Last but not least, my friends were not charged a single centimo to come and visit me. And from what I can gather from friends on expatforum.com the same free-parking policy operates at Spanish hospitals  from Malaga to Lorca and from Denia to Villajoyosa.

How different to the money-grabbing English system of ripping off the motorist at every opportunity. Particularly at hospitals and, even more so, airports (which I’ll get to in a future article).

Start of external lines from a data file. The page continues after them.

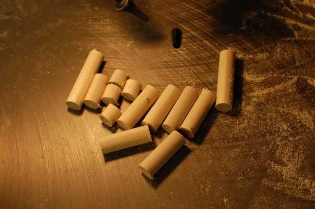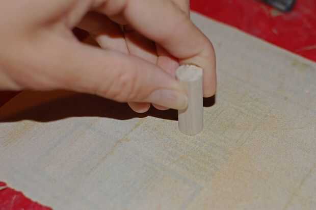 Los extremos de cada espiga para eliminar cualquier rebaba y aspereza de la arena. No la arena en todos los lados, o los tacos se ajusta demasiado floja! Dependiendo del grosor de la madera contrachapada de abedul Báltico, estos tacos pueden ser hasta 1/16" de demasiado tiempo - simplemente arena o cortar al ras como sea necesario durante la etapa de montaje.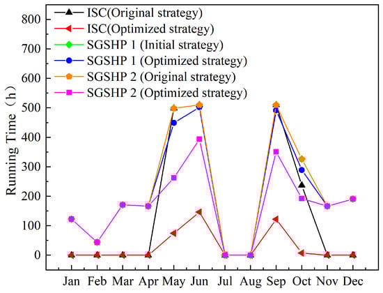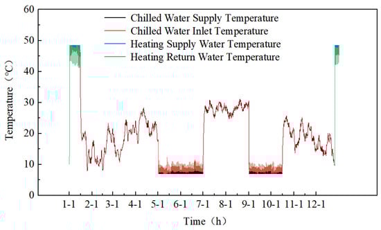 - A TRNSYS building simulation model was established based on the optimisation operation control strategy. After optimisation, the total running time of all units decreased by 28.83%, with the chiller unit’s operating time decreasing the most, approximately 80.04%. The total power consumption of the optimised system decreased by about 19%, and the power consumption of all units throughout the year increased by 6.68% compared to the original operation strategy, which indicated that the unit’s operating efficiency was improved. The cooling/heating capacity of the optimised system changed little, and the system still met the terminal load requirements. Furthermore, the condensate heat recovery during the cooling season increased by about 2.3%.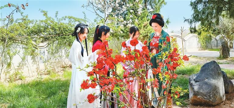 中國甘肅網(wǎng)4月10日訊 據(jù)蘭州晨報報道(奔流新聞·蘭州晨報記者王蘭芳)“百花錦繡,龍城花朝。”4月9日下午,由天水市玉泉觀大景區(qū)服務(wù)中心、天水市博物館、甘肅公航旅天水名城公司主辦的天水市第二屆漢服“花朝節(jié)”盛大啟幕。來自天水市的數(shù)百名漢服愛好者身著各色漢服,或云鬢斜簪輕拂團扇,或衣帶飄飄款款而來。那一刻,煙火人間與國潮美學(xué)完美融合,“同袍”們盛裝打扮,共同歡慶“花朝節(jié)”。
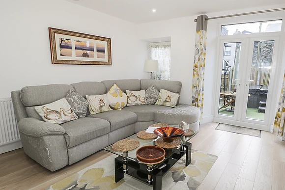 At the rear of the property, French doors lead out onto a patio area and hot tub. The cottage also has private parking for one car and a parking permit for one additional car.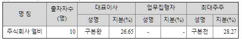 | 최대주주 | 엘비 100% | ||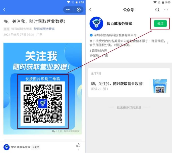 3)長(zhǎng)按二維碼圖片關(guān)注智百威服務(wù)管家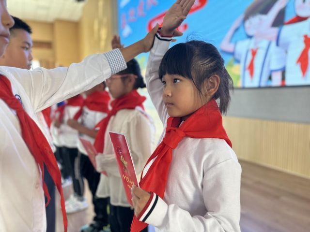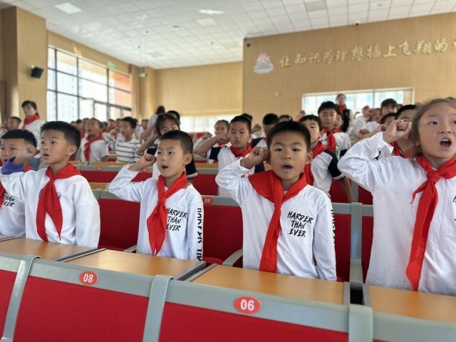 队旗招展,续写荣光。在顿挫有力的出旗曲中,入队仪式拉开了帷幕,全体队员唱响嘹亮的队歌。随后,由少先队员代表为新队员们佩戴鲜艳的红领巾,并颁发证书,互相敬礼,同心追梦。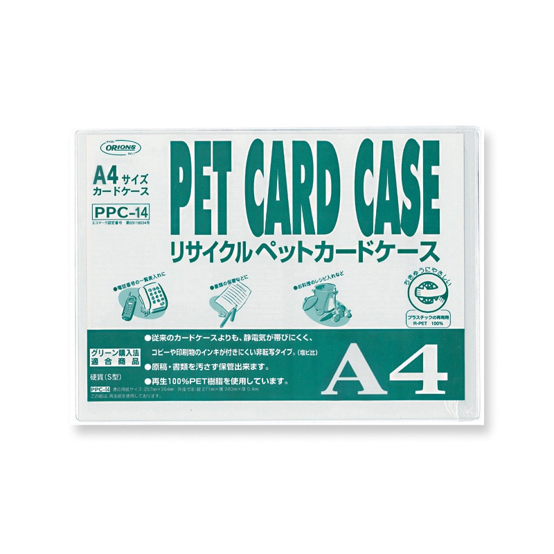 丈夫で長持ちする地球にやさしい環境対応リサイクルペットカードケースです。図面や地図、書類の保管、料理のレシピやメニュー表などに役立ちます。コピーや印刷インクがつきにくいので汚さずに保管できます。●素材の厚み:0.4mm●ウェルダー接着式●プラスチックの再利用R-PET80%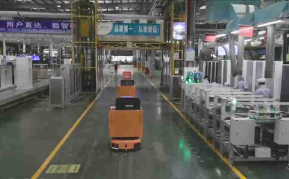 为车载冰箱物流配送打造的智能解决方案,,包含产中物流通过潜伏举升AMR搬运至线边,,产后成品物流智能仓储,,,流程包含产中物流智能齐套入库,,,,线边安灯叫料AMR智能配送至线边,,,成品入库、、、、出库,,通过无人堆高车机器人,,,智能仓储管理替代人工作业管理,,实现更高存储、、、、更高效率、、、、更具柔性化的解决方案。。。。

My 11-year-old granddaughter Daisy suffers from Crohn’s Disease and has spent quite a bit of time at Manchester’s ultra-modern Royal Children’s Hospital this past couple of years. The kindly local NHS Trust have a voucher system that allows close relatives to visit sick children to use the vast multi-storey car park at a special daily rate of £5.

That’s £35 a week to spend time with your own kids when they need you most. How generous!

And don’t tell me the money all goes to improve the NHS. In a country where every working person pays an ever-increasing National Insurance contribution, surely NO-ONE should have to pay to visit a suffering relative.

Scotland and Wales abolished hospital parking charges a couple of years ago – so what’s so different about England? The authorities are just greedier to make bigger profits, that’s all.

As my daughter Hayley Beckman (Daisy’s mother) says: ‘‘The new hospital is very modern but it’s difficult to get to compared to the two children’s hospitals it replaced, and much more expensive to park.

‘‘It’s absolutely disgraceful that parents have to pay to spend time with their sick children in hospital.’’

It’s not as if Manchester Children's University Hospital NHS Trust is in dire financial straits. Indeed, a Daily Mirror investigation established that in 2007, the Trust made a profit of £1,338,694. And 218 hospitals around the country made a staggering £24,993,855 the same year - just by charging their own staff to park their cars.

At the time, Juliet Dunmur, chair of the British Medical Association Patient Liaison Group, said: ‘‘The car-parking fees charged by some NHS trusts are unacceptable. It amounts to a tax on vulnerable patients and on NHS staff.’’

And hospital visiting is an increasingly-expensive experience. Recent research by the Action for Sick Children charity revealed that parking for families of children now costs £1.75 an hour on average.

It’s bad enough in Manchester, but at two London hospitals the parking tariff works out at an unbelievable £386.40 a week because there are no discounts for long-term stays.

At many hospitals, it’s not just visitors who get stung. Nurses working at Royal Manchester Children’s Hospital must pay £20 for a weekly car-park pass – or leave their cars a mile or more away.

Still, there is a consolation. With all that enforced walking, they can afford to pour oodles of salt on their food and never worry about getting a dicky heart.